California has received praise lately for its legalization of recreational marijuana, the ninth state to do so, including the District of Columbia. While this is a step forward and makes the concept of recreational weed being legalized federally more realistic, there is an issue. And no, I’m not referring to Jeff Session’s adamant anti-weed stance that is preventing federal legalization.

I’m talking about 587,700 people being arrested. Their crime? Marijuana possession. According to the Washington Post, this is a number larger than murder, rape, aggravated and sexual assault combined.

This is not new data, but one that has been building up for quite a while. According to the ACLU, over 7 million people were arrested for owning pot from 2001 to 2010.    

Something else that should be noted? White people and black people smoke weed around roughly the same amount. 

If this is the case, why are black Americans arrested and jailed at a larger scale than white Americans? Getting life sentence without parole for selling pot?

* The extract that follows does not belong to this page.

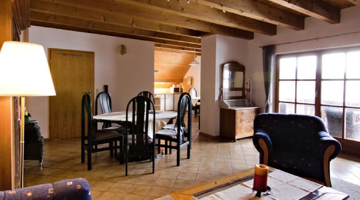 1 großer Wohnraum mit Esstisch, Stühlen, Couch, Sesseln und TV

The short answer is racism. The long answer begins with the Marijuana Tax Act of 1937, when the bill declared that smoking marijuana makes black men feel equal to white men, seduces white women and provides effects that makes black men act differently. This racism worsened in the 1970s. Known as the War on Drugs, President Richard Nixon enforced a strict act called the Controlled Substance Act that declared substances could be highly dangerous and addictive and should be monitored. Marijuana was one of the drugs deemed most dangerous with minimal medical benefits despite evidence saying otherwise.

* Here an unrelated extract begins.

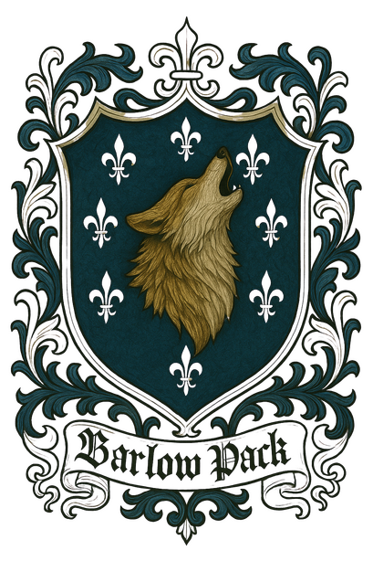 O nome Barlow (do inglês antigo bere — cevada — e hlāw — colina ou monte) foi adotado pela família em meados do século XII, quando o título de Lorde da Colina da Cevada tornou-se nome e símbolo da Casa Barlow em Yorkshire, Inglaterra.A Casa Barlow nasceu de uma longa linhagem de caçadores — homens forjados para enfrentar tanto as feras das florestas. O Barão Harold Barlow, senhor das terras e do castelo, teve dois filhos com sua esposa Mariam: Edgar e Edmund.A tragédia da família Barlow aconteceu em meio à guerra contra a Escócia. Nessa época, Edgar já era casado com Isobel de Bruce, filha bastarda da Casa Bruce e meia-irmã de Robert the Bruce, o futuro rei escocês. A união fora vista como aliança estratégica pelos Bruce, acreditando que lhes traria vantagem na luta pela independência. Mas Harold, fiel à Coroa inglesa, quebrou o pacto e jurou lealdade a Edward I, o rei da Inglaterra.Enquanto os homens estavam em campanha, a desgraça caiu sobre o lar. Margery, esposa de Edmund, foi levada por um novo senhor da região: o enigmático Barão Von Harrow. Von Harrow não era apenas um nobre — era um vampiro milenar, temido e odiado. E agora, tornara-se inimigo pessoal, pois havia tomado sua nora.Movido pela fúria, Edmund reuniu seus irmãos e os melhores homens, marchando contra o vampiro. Mas a investida foi sangrenta: muitos caíram diante das forças do Barão. Na ânsia de recuperar sua esposa, Edmund matou um dos mais fiéis guardas do vampiro e fincou-lhe a cabeça numa estaca diante dos portões do castelo. O recado era claro — e foi o suficiente para provocar a ira de Von Harrow.Naquela noite, a resposta veio. O Barão marchou até o castelo Barlow. Edgar, pressentindo o perigo, ordenou que os criados escondessem seus filhos e mulheres nas passagens secretas. Mas Isobel recusou-se a fugir. Teimosa e corajosa, acreditava que poderia ajudar — e que Margery precisaria dela.O que se seguiu foi o fim de uma era. Von Harrow atacou com brutalidade, transformando um a um em vampiros. Edgar e Isobel sucumbiram à sede. Edmund, no entanto, foi o último: diante de todos, o Barão o obrigou a beber do sangue de Margery. Ela morreu em seus braços, levando com ela o filho não nascido. Apenas um foi poupado: Lord Harold, que assistiu à ruína da própria linhagem.Harold viu seus filhos e sua nora tornarem-se monstros: vampiros. E, ainda que o sangue os unisse, ele jurou caçá-los — acreditando que, ao destruí-los, estaria libertando-os do inferno, e desse juramento nasceu a Ordem Barlow.A dor se espalhou como sombra. Edgar e Isobel foram dilacerados pelo peso de abandonar os filhos. Edmund, condenado pela culpa de matar a mulher que amava. Todos foram submetidos ao jugo do tirano Von Harrow, vivendo quase cinquenta anos de escravidão e tormento.Mas em 1347, a revolta finalmente incendiou a noite. Os irmãos Barlow, unidos a outros vampiros oprimidos, arquitetaram um motim. O Barão foi derrotado, e seus seguidores dizimados. Nas cinzas do tirano nasceu o Clã Barlow, com Edgar proclamado Príncipe, líder de uma nova era. O castelo do antigo Von Harrow tornou-se sede e lar do clã. Com o tempo, disfarçado como museu, tornou-se também fonte de renda e fachada para sua crescente influência.Enquanto isso, nas terras mortais dos Barlow, Harold fundava outra linhagem. Treinou seus netos para o novo legado dos caçadores, usando a memória dos próprios filhos como alvos a serem caçados um dia. Assim, a Casa dividiu-se: de um lado, vampiros que buscavam redenção no clã; de outro, descendentes humanos que abraçaram o aço e a fé da caça.Mas o destino dos Barlow com os vampiros ainda não tinha acabado, Eadric, filho caçula de Edgar e Isobel, treinado para caçar seus pais, virou vitima também do Barão Von Harrow.Séculos se passaram. Em 1783 e 1786 nasceram os irmãos Thomas e Tristan Barlow. Thomas manteve viva a tradição de caçar. Mas em 1970, o destino rompeu com a velha ordem quando Jeremy Barlow, descendente da linhagem caçadora, apaixonou-se por Patricia, portadora da maldição da licantropia. Pelo amor, abandonou a caça — e assim nasceu o primeiro lobisomem Barlow e assim nasceu o que viria ser a Alcateia Barlow.

How is this racist? President Nixon’s domestic policy chief John Ehrlichman was quoted in an interview saying, “We knew we couldn’t make it illegal to be either against the war or black, but by getting the public to associate the hippies with marijuana and blacks with heroin, and then criminalizing both heavily, we could disrupt those communities. We could arrest their leaders, raid their homes, break up their meetings, and vilify them night after night on the evening news. Did we know we were lying about the drugs? Of course, we did.”

As Nixon’s War on Drugs quietly died down, it never died out. It influenced the public to perceive people of color as more likely to abuse substances and be inferior to white people. This dehumanizing mindset is something that is still around in 2018. A Kansas representative stated recently that black people are genetically more likely to act worse on drugs and therefore marijuana should be illegal.

While I’m rooting for nationwide legalization, we need to have more awareness on how black lives are being negatively impacted by the marijuana business. Kudos to California for stepping up, but until America recognizes the connection between weed and racism, we’re not really moving forward.